What Makes a Relationship Work Part 1 (Communication)



I will say what I have always said, you need to communicate well in a relationship for it to work well. Open communication can build the foundation for a great relationship. But communication is more than just talking to your partner. Communication cannot only strengthen what you have, but the lack of it often spells doom for a relationship.



The most important thing to a marriage or relationship was Communication by 42% It beat out love, romance, kindness, sex, matching libidos, support & understanding, money, similar religious beliefs, laughter, morals, trust, in-laws, faithfulness, and having fun.




Most people think that communication is just about talking. It isn’t just talking, it is being able to listen to your spouse or partner too. It really doesn’t matter how well someone talks if the other doesn’t pay enough attention to what is being said. Patience is a virtue to listening. Don’t cut off what people have to say to make your point “more right” than theirs. Listening helps intellectually and emotionally in relationships.

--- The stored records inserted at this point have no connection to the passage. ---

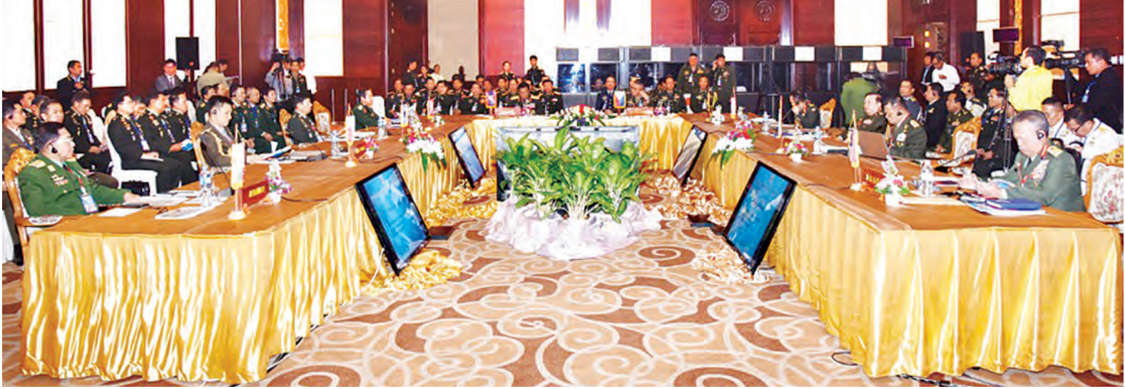
(၁၃)ကြိမ်မြောက် အာဆီယံတပ်မတော်ကာကွယ်ရေးဦးစီးချုပ်များ အလွတ်သဘောအစည်းအဝေး (13 th ACDFIM) ဆွေးနွေးပွဲကျင်းပစဉ်။

ကျော့ဖိုးမှ တပ်မတော် အကြီးအကဲများသည် စုပေါင်းမှတ်တမ်းတင် ဓာတ်ပုံရိုက်ကြသည်။ ထို့နောက် အစည်းအဝေး သဘာပတိ လာအိုပြည်သူ့တပ်မတော် စစ်ဦးစီးချုပ် Maj-Gen Souvone LEVANGBOUNMY က အာဆီယံဒေသတွင်း တည်ငြိမ်အေးချမ်းမှုရှိစေရေးအတွက် အာဆီယံတပ်မတော်များအနေဖြင့် ပိုမိုပူးပေါင်းဆောင်ရွက်သွားကြရမည်ဖြစ်ကြောင်းနှင့် သဘာဝဘေးအန္တရာယ် ကယ်ဆယ်ရေးနှင့် လူသားချင်းစာနာထောက်ထားမှုဆိုင်ရာ အကူအညီများကိုလည်း စုပေါင်းကူညီဆောင်ရွက်သွားကြရမည်ဖြစ်ကြောင်း အဖွင့်အမှာစကားပြောကြားသည်။ ဆက်လက်၍ 13 th ASEAN Military Intelligence Informal Meeting နှင့်စပ်လျဉ်း၍ လာအိုပြည်သူ့တပ်မတော်မှ ထောက်လှမ်းရေးမှူးချုပ်နှင့် 6 th ASEAN Military Operations Informal Meeting နှင့်စပ်လျဉ်း၍ လာအိုပြည်သူ့တပ်မတော်မှ စစ်ဦးစီးဌာန၊ ရုံးအဖွဲ့အကြီးအကဲတို့က အစည်းအဝေးရလဒ်များကို တင်ပြကြသည်။
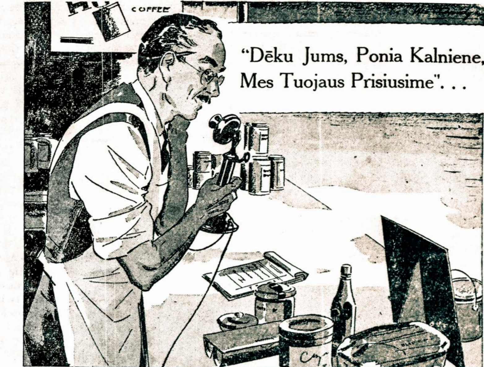
„Dėku Jums, Ponia Kalniene, Mes Tuojaus Prisiusime“...

Kaip šis madų palyginimas parodo, pilno ilgio rankovė yra pripildyta kvoduotos medžiagos, kaip ir kito užvardinimo rankovė. Viktorijos laiku panelė, devyniolikto šimtmečio pabaigoje, didžiavosi su savo kumpine „leg o'utton“ rankove, o ši rudenį panelė Amerika atsiduos „dolan“ rankovei, kuri išskiriu yra nepilna, bet vis anganti balioninė rankovė.
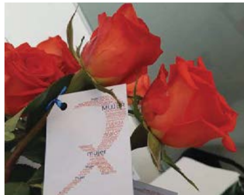
DÍA DE LA MUJER
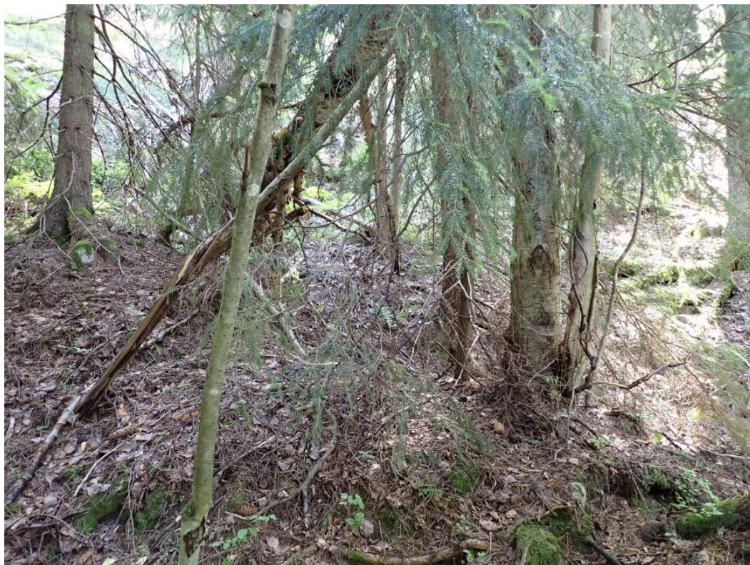
Kuva 13. Koeala 2/10/51/4 (Luonnonvarakeskus)

Muita eroavaisuuksia koealalla maasto- ja kuva-arvioiden välillä ilmenee hakkuuehdotuksessa, joka on maastoarvioinnissa uudistamishakkuu keinollisesti (7), kun taas kuva-arvioinnissa hakkuuehdotusta ei ole, jolloin hakkuun kiireellisyysskin eroaa sen ollessa maastoarvioinnissa ensimmäinen 5-vuotiskausi (2) ja kuva-arvioinnissa ehdotusta ei ole ollenkaan. Luonnontilaisuuden osalta puuston rakenne on maastoarvioinnissa jonkin verran muuttunut (1), kun taas kuva-arvioinnissa kohde arvioidaan selvästi muuttuneeksi (2).
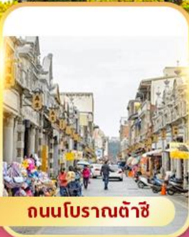
ถนนโบราณต้าชิ
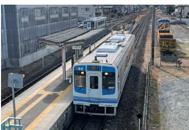
地元住民の貴重な移動手段
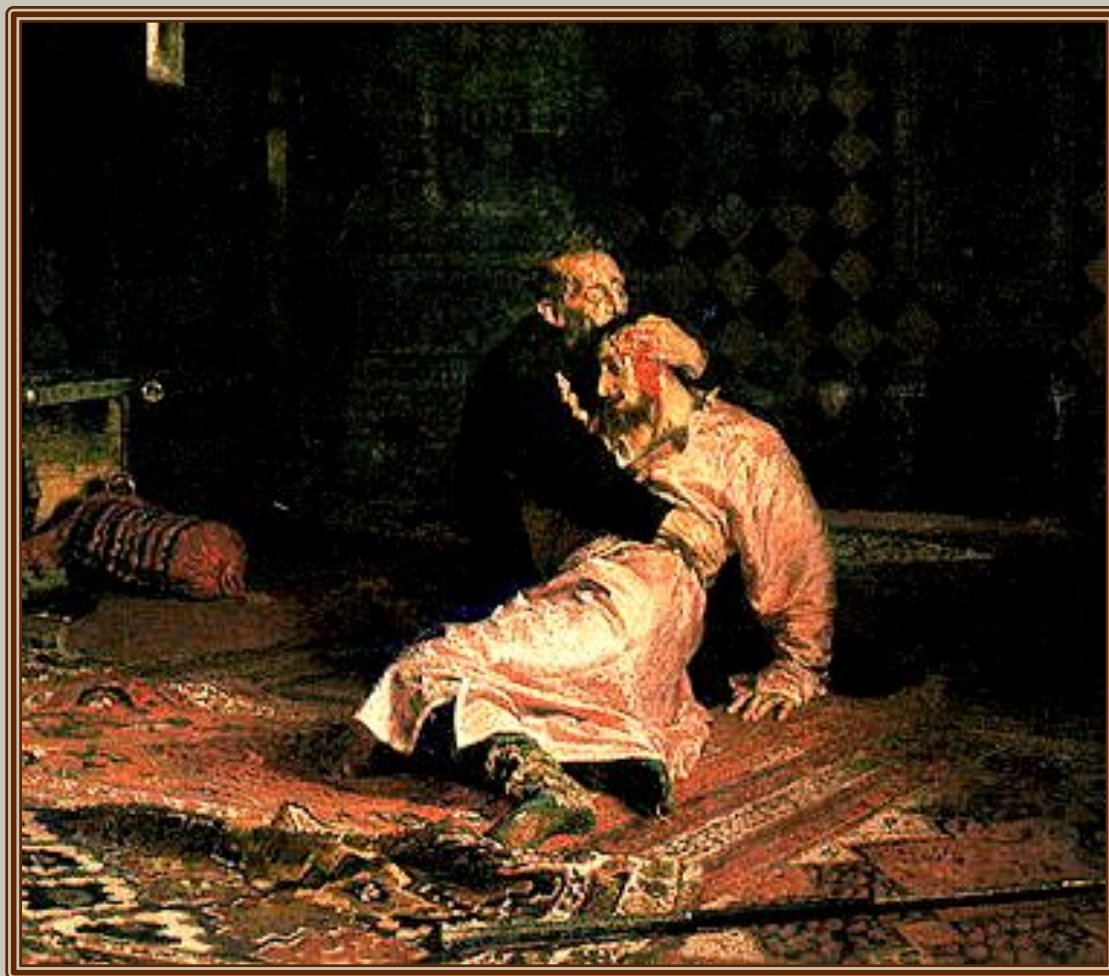
И.Е.Репин "Иван Грозный и сын его Иван 16 ноября 1581г."

Listening helps to build trust since your partner knows that you hear their worries and concerns.



Often we say things without uttering a word. How our bodies move are tell tale signs to things we are not saying. Does the person look you in the eyes? That is a clear sign they are interested yet if the same person is looking down it can mean they are uncomfortable, below you, or feel unworthy. After all the eyes are the keys to the soul. As I could do an entire section on body language maybe I will touch on this at some other time.

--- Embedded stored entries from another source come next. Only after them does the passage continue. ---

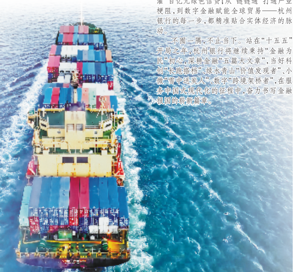
破浪出海正当时，以金融之翼托举企业远航新征程。

不固一隅，不止当下。站在“十五五”开局之年，杭州银行将继续秉持“金融为民”初心，深耕金融“五篇大文章”，当好科创“长跑搭客”、绿水青山“价值发现者”、小微“雪中送炭人”、数字“跨境架桥者”，在服务中国式现代化的征程中，奋力书写金融报国的崭新篇章。
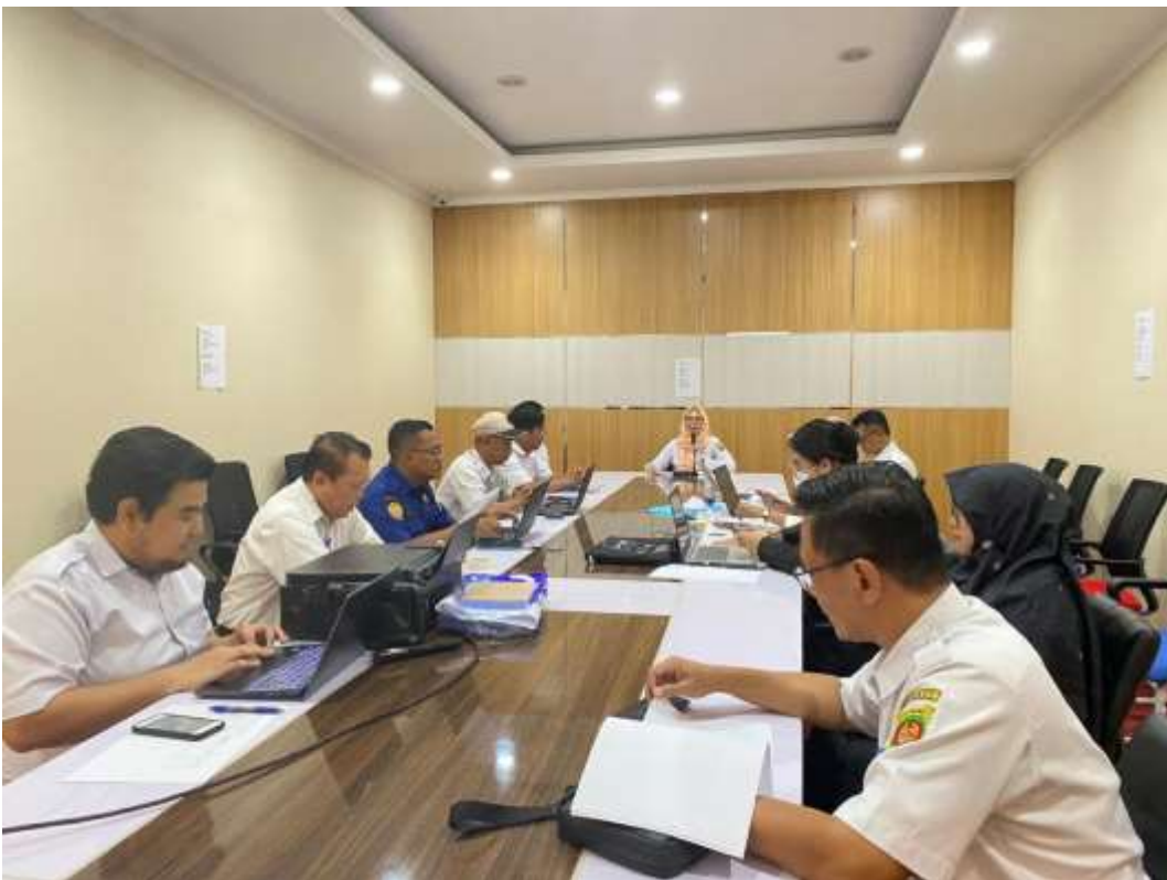
Gambar 6. Pelaksanaan Asistensi dan Verifikasi Daftar Informasi Publik
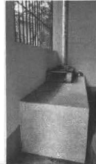
Foto 2: Sustitución de estufarural (Completa) Incluye chimenea y plancha de metal
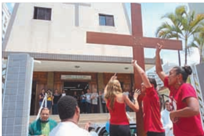
S. Pedro Pescador/Sv - 20 a 27/12/2012
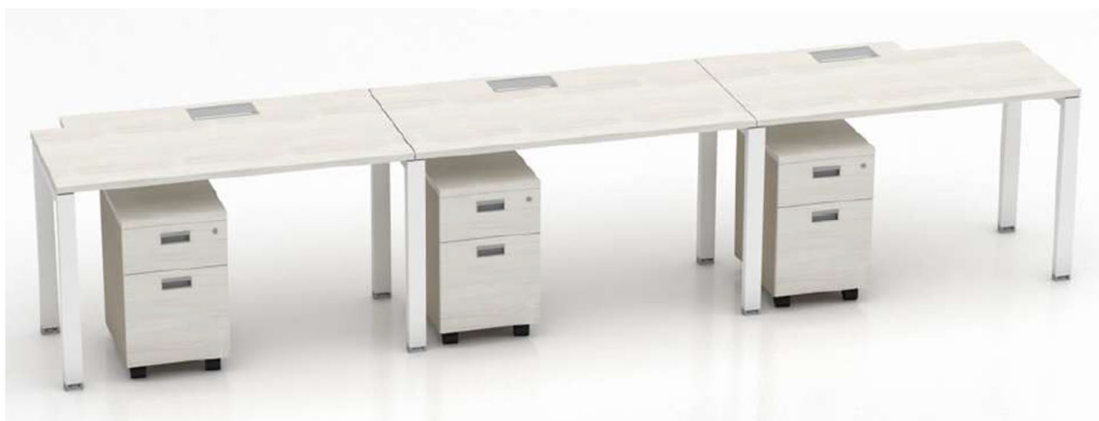
Imagen referencial M6a

CAJONERA RONDANTE ANGOSTA: Cubierta de 25mm de espesor de aglomerado melaminizado con cantos de ABS a tono. Casco y frente con cantos ABS a tono, superficie de guardado compuesta por 2 cajones con 4 caras ingleteadas revestidos en PVC sin uniones mecanizadas, con fondo plus lavable. Cerradura a tambor frontal colectiva para todos los cajones. Tirador embutido de aluminio anodizado natural. Ruedas plásticas de alta resistencia.
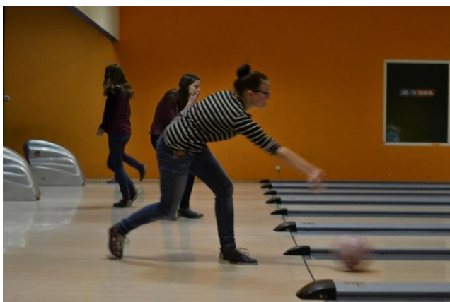
Slika 56: Bowling
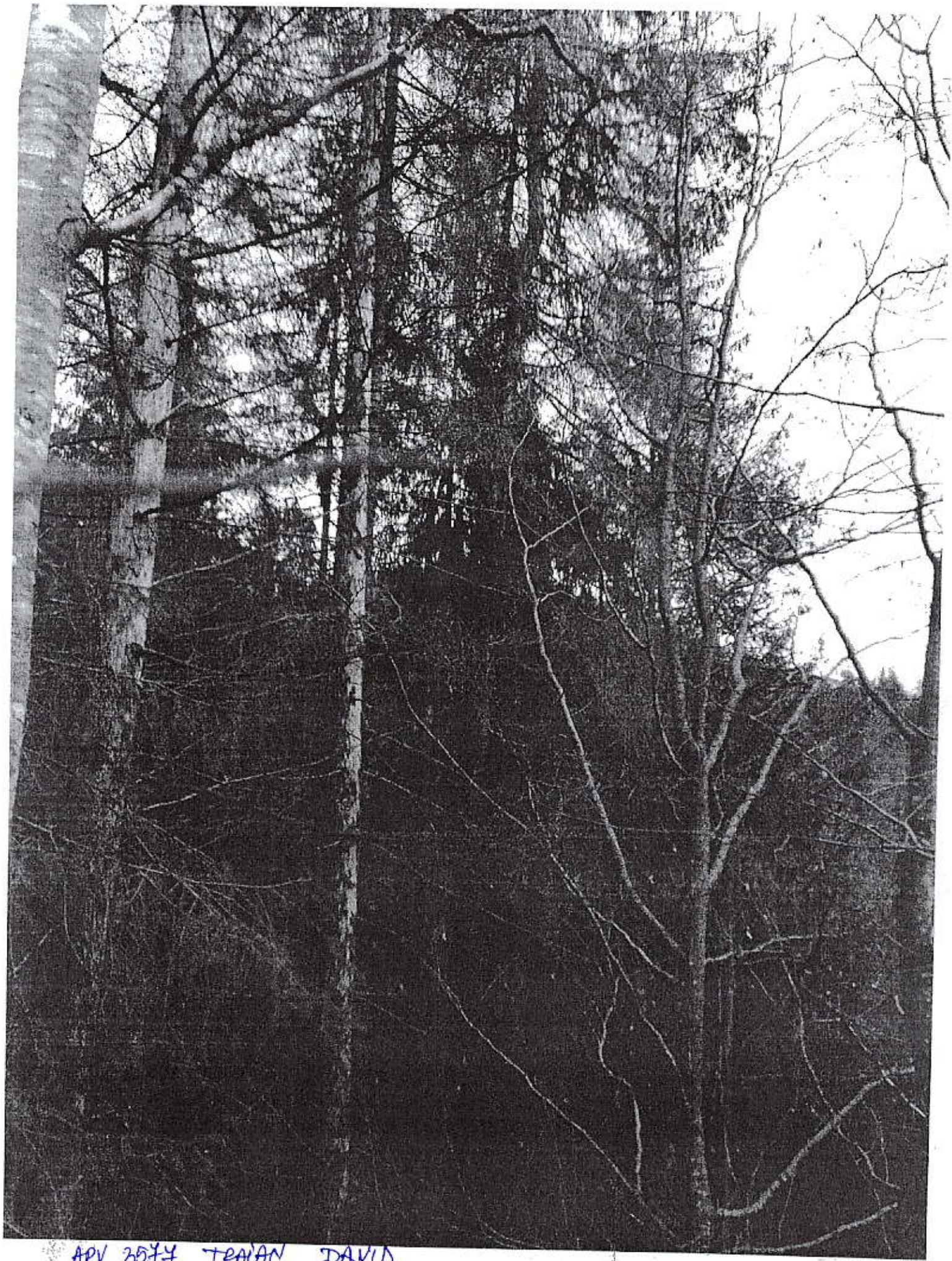
APV 3574 TRAIN DAVID

Knowing if someone is right handed or left handed can help you figure out how to better communicate with your partner. Right handed people are logical thinkers. Using logic makes more sense to them. Left handed people use the right side of their brain more and are normally the creative/abstract thinkers. It is easy to paint a picture of what you want them to know than expect them to understand because it is common sense.

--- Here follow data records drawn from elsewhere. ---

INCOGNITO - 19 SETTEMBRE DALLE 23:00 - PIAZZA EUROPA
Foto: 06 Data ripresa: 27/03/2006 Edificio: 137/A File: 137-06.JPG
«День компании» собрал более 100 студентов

Through communications you need to set boundaries. You can only set boundaries if you can speak well and listen well. Boundaries and knowing what your spouse thinks is acceptable and can save you from having to have relationship repair.

You have to accept what your partner is saying as the truth and respect their opinion. You can’t just give lip service to something and expect them to continue to communicate with you if they have no faith in you.

Through communication you need to share what is going on with you, within you and even the mundane things. If your partner isn’t interested in the various parts of your life then it might be a sign of things to work on. Now don’t expect the wife to be interested in the dual over head cam you installed in your car but she should at least share in your excitement that you did it.




Through communication you can repair a damaged relationship. 



Most arguments are not because people disagree but rather they can't or will not compromise or they can't understand what the other wants.



Good negotiations can be a win-win and further helps with communication later on, plus builds trust. Getting too emotional can often sabotage any discussion because it can come across as weakness, rage or manipulation. That is not to say that you can’t discuss emotional needs however.

Arguing is the worst way to try to get a point across. Most of the time you escalate your voice and try to trump what the other person is saying so that in the end you say hurtful things just to get your point across even if you don’t really mean it.



Be careful of baiting. These often get short term effects but tend to wear out their welcome. “If you loved me you would…”



Avoid the pitfalls of communication where you think you can read the other persons mind. Taking what you or they are saying for granted. Blaming your significant other for the break down of communications, after all you can start to fix it whenever you want to start to put the effort back into it. Never use threats of physical violence, or act in rage. Never agree to things you don’t want to do. Never try to act like a psychologist and figure out their problems. Sometimes they just need someone they can vent to. 



If things are getting heated take ten minutes away. Collect your thoughts and what you really want to say. Maybe you need to say it slightly different so they will understand.



I have always said each person can communicate in 1001 ways. You need to find the best one for your significant other. Furthermore help them to be able to find the best match for you.



Never stop trying a different way of learning to communicate.



draconis


----------